Ce soir-là une cinquantaine de villageois, à croupetons ou dressés comme des hérons sur une jambe, l'autre genou ployé et le talon contre la muraille, écoutaient l’important Lounas Ben Ouala, un ancien chef, disserter sur les guerres de çof de sa jeunesse.
- Parbleu! commença-t-il en défiant d'un regard sévère ses auditeurs, les çofs perdent de leur force par votre faute. En ma jeunesse on disait :
« Ouinnek aioun ith idlemen nir medhlourn » (Aide les tiens qu'ils aient tort ou raison), et on les aidait.
Un rire discret accueillit cette déclaration.
- Pour le çof, jadis, on risquait la mort et l'on eut abandonné sa famille.
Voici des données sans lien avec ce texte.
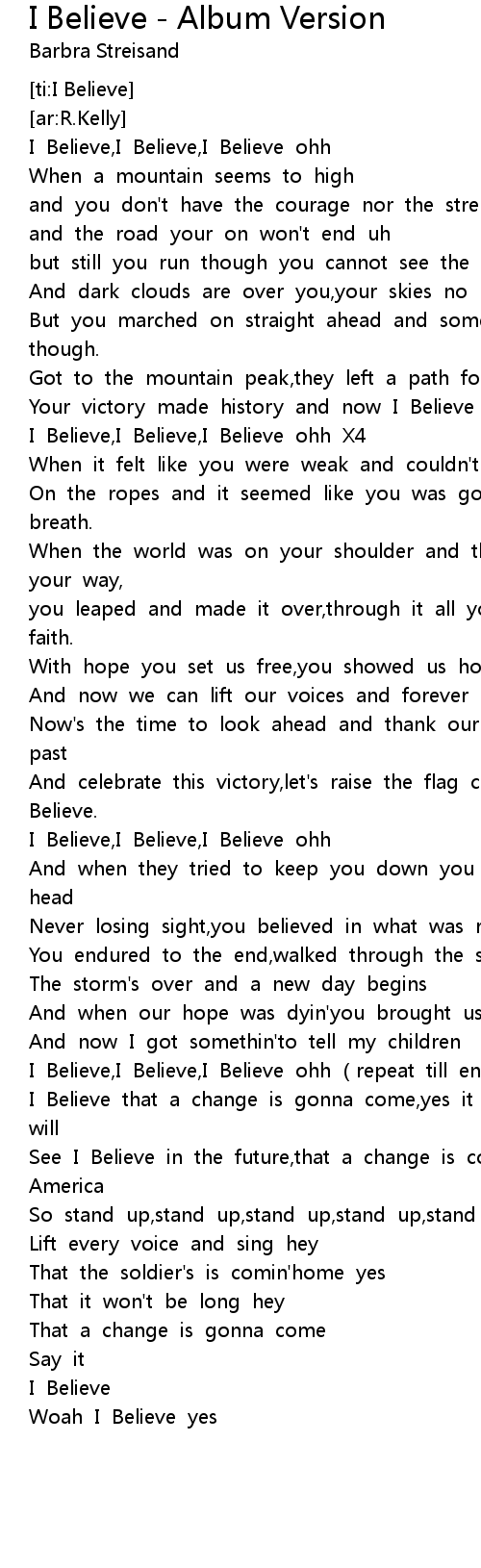 | [03:11.483] | I Believe, I Believe, I Believe ohh repeat till end |

Un murmure gronda. Lounas reprit:
- Vous trouvez ma proposition exagérée parce que vous acceptez les mœurs des Français. Maintenant quels sont ceux d'entre vous qui abriteraient des amis de çof poursuivis par la justice ?
- Nous! nous!
- J'en doute. Et qui porterait témoignage en leur faveur pour les sauver ?
- Moi ! Et moi !
- Je voudrais vous croire. Mais nous ne reverrons plus les beaux spectacles de ma jeunesse. Comme chef de l'Ir'erbien (çof de l'ouest) il m'est arrivé d'aller chercher, avec musique, étendard et cavalcade, un autre çof allié qui avait été battu par ses ennemis. Nous lui offrions une hospitalité magnifique. Maintenant c'est honteusement que vous recevez un homme condamné par les tribunaux français. Un ami de çof a-t-il tué son adversaire ; vous osez à peine lui donner asile. Je vous le dis, les grands jours sont passés.
- O Lounas Ben Ouala, raconte-nous ces grands jours, réclamèrent quelques jeunes gens.
- Soit. Donc, jadis, la poudre parlait aussi facilement que les hommes disent aujourd'hui des mots dans les djemaa. Une offense n'entraînait pas seulement la vengeance de l'offensé, mais du çof auquel il appartenait et quelquefois d'une confédération de çofs. D'ailleurs ces guerres restaient nobles et bien réglées. Ainsi, jamais je n'autorisai mes hommes à tenter la « razzia » d'un village sans avoir averti nos ennemis de la déclaration de guerre par une première détonation. Ils pouvaient ainsi se mettre sur leurs gardes.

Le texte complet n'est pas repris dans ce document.